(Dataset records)
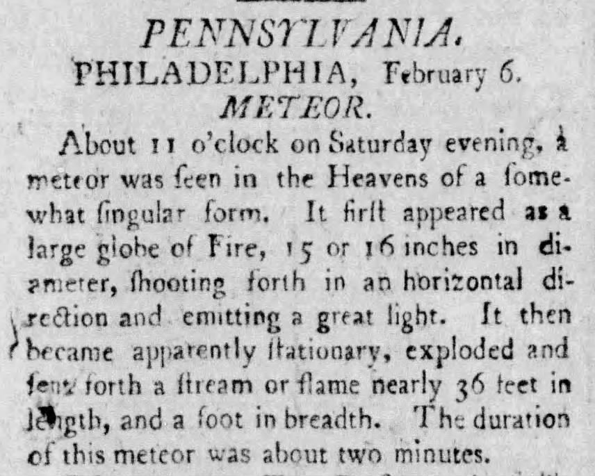 Ghastly News for Wednesday 3/5/2025: “Pennsylvania, Philadelphia, February 6. Meteor.”
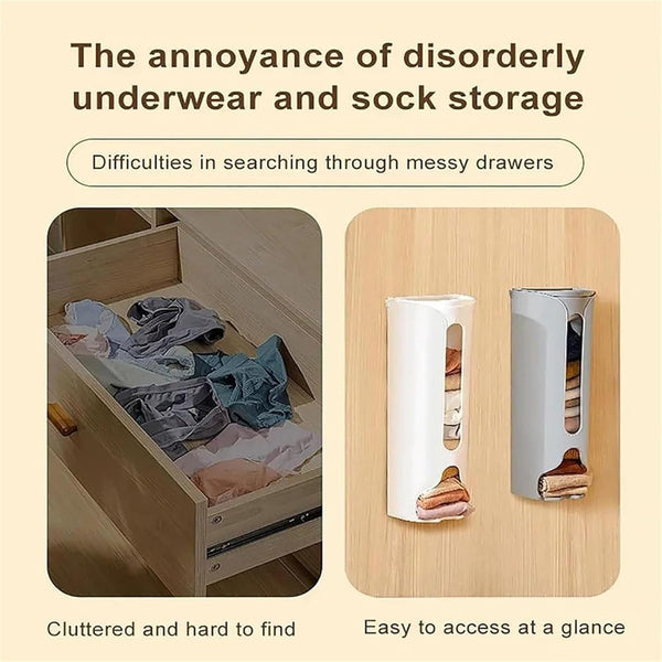 Our wall-mounted organizer transforms cluttered drawers into a neat display. With easy access to your socks and underwear, mornings become stress-free and organized. Never search for matching pairs again!
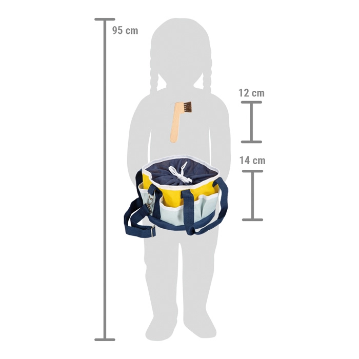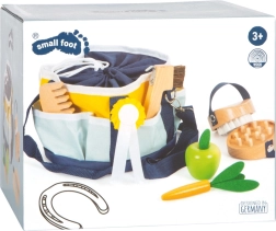 Šis kvalitatīvais komplekts iedomu spēlei ļauj bērniem parūpēties par savu iemīļoto zirgu kā īstiem kopējiem. Soma ar platu savelkamu atvērumu saturēs visus piederumus kārtībā, sānu kabatas nodrošinās pārskatāmību un ātru piekļuvi. Iepakojumā atradīsiet koka rīkus birstēšanai, ķemmēšanai un nagu tīrīšanai, kā arī turnīra lenti svinīgai noskaņai.
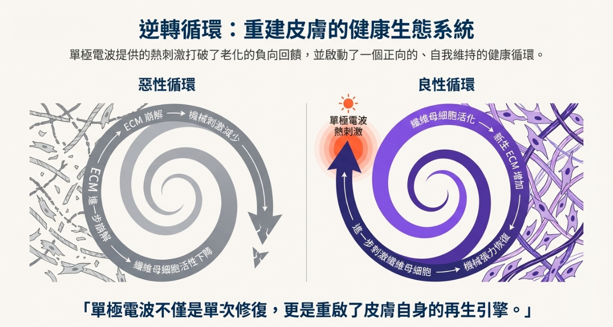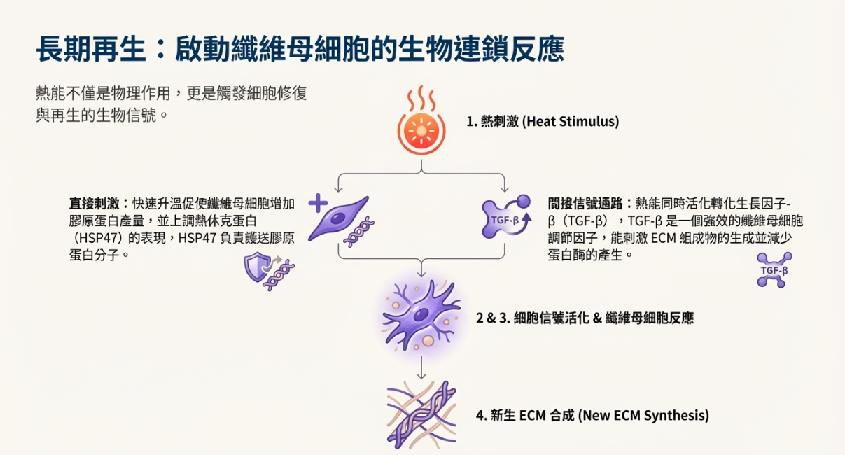 當新的細胞外基質逐步形成,纖維母細胞重新獲得刺激來源,便能持續製造膠原蛋白,形成一個自我維持的健康正循環。
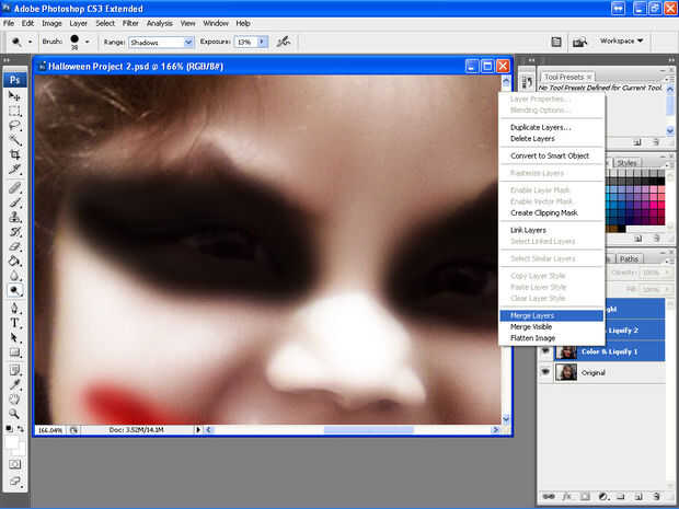 Seleccione todas las capas excepto la capa "Original", click derecho y golpe combinar capas.
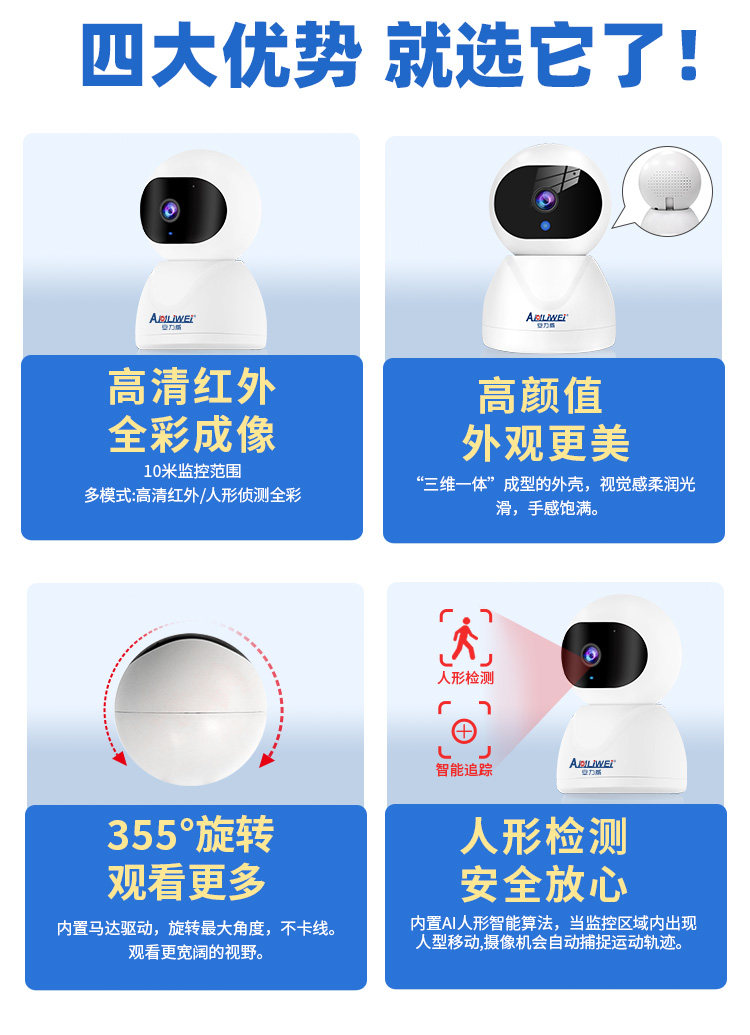 | Color Classification | [Ultra-Clear Wifi-2.4G Single-Frequency Model] Mobile Phone Monitoring + Humanoid Tracking + Voice Intercom,[Ultra-Clear Wifi-2.4G Single-Frequency Model + Power Outage Monitoring] Mobile Phone Monitoring + Humanoid Tracking + Voice Intercom,[Ultra-Clear Wifi-5G Dual-Band Model] Mobile Phone Monitoring + Humanoid Tracking + Voice Intercom,[Ultra-Clear Wifi-5G Dual-Band Model + Power Outage Monitoring] Mobile Phone Monitoring + Humanoid Tracking + Voice Intercom,【Ultra Hd Wifi - Outdoor Ptz Camera】Mobile Monitoring + Humanoid Tracking + Two-Way Audio,[Ultra-Clear Wifi-Outdoor Ball Machine Model + Power Outage Battery Life] Mobile Phone Monitoring + Humanoid Tracking + Voice Intercom |
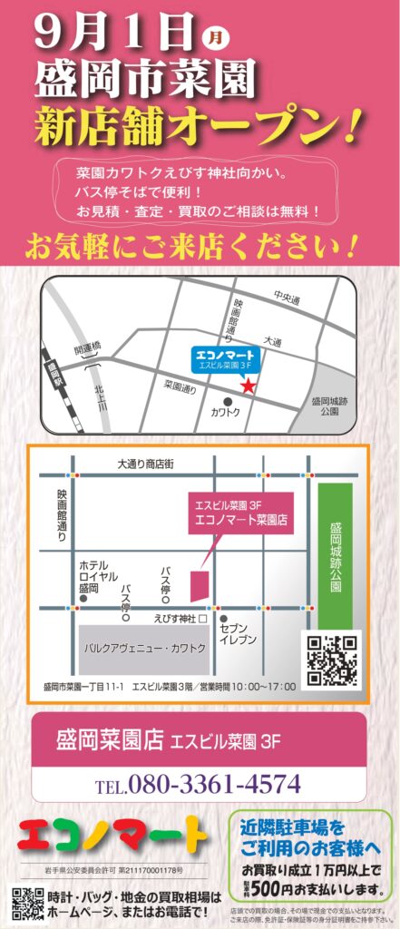 2025年9月1日にエコノマートの新店舗が盛岡市菜園にオープンしました!

Directions: Print each record exactly as it stands, leaving the images out.

Output of the task:
 Ghastly News for Wednesday 3/5/2025: “Pennsylvania, Philadelphia, February 6. Meteor.”
 Our wall-mounted organizer transforms cluttered drawers into a neat display. With easy access to your socks and underwear, mornings become stress-free and organized. Never search for matching pairs again!
 Šis kvalitatīvais komplekts iedomu spēlei ļauj bērniem parūpēties par savu iemīļoto zirgu kā īstiem kopējiem. Soma ar platu savelkamu atvērumu saturēs visus piederumus kārtībā, sānu kabatas nodrošinās pārskatāmību un ātru piekļuvi. Iepakojumā atradīsiet koka rīkus birstēšanai, ķemmēšanai un nagu tīrīšanai, kā arī turnīra lenti svinīgai noskaņai.
 當新的細胞外基質逐步形成,纖維母細胞重新獲得刺激來源,便能持續製造膠原蛋白,形成一個自我維持的健康正循環。
 Seleccione todas las capas excepto la capa "Original", click derecho y golpe combinar capas.
 | Color Classification | [Ultra-Clear Wifi-2.4G Single-Frequency Model] Mobile Phone Monitoring + Humanoid Tracking + Voice Intercom,[Ultra-Clear Wifi-2.4G Single-Frequency Model + Power Outage Monitoring] Mobile Phone Monitoring + Humanoid Tracking + Voice Intercom,[Ultra-Clear Wifi-5G Dual-Band Model] Mobile Phone Monitoring + Humanoid Tracking + Voice Intercom,[Ultra-Clear Wifi-5G Dual-Band Model + Power Outage Monitoring] Mobile Phone Monitoring + Humanoid Tracking + Voice Intercom,【Ultra Hd Wifi - Outdoor Ptz Camera】Mobile Monitoring + Humanoid Tracking + Two-Way Audio,[Ultra-Clear Wifi-Outdoor Ball Machine Model + Power Outage Battery Life] Mobile Phone Monitoring + Humanoid Tracking + Voice Intercom |
 2025年9月1日にエコノマートの新店舗が盛岡市菜園にオープンしました!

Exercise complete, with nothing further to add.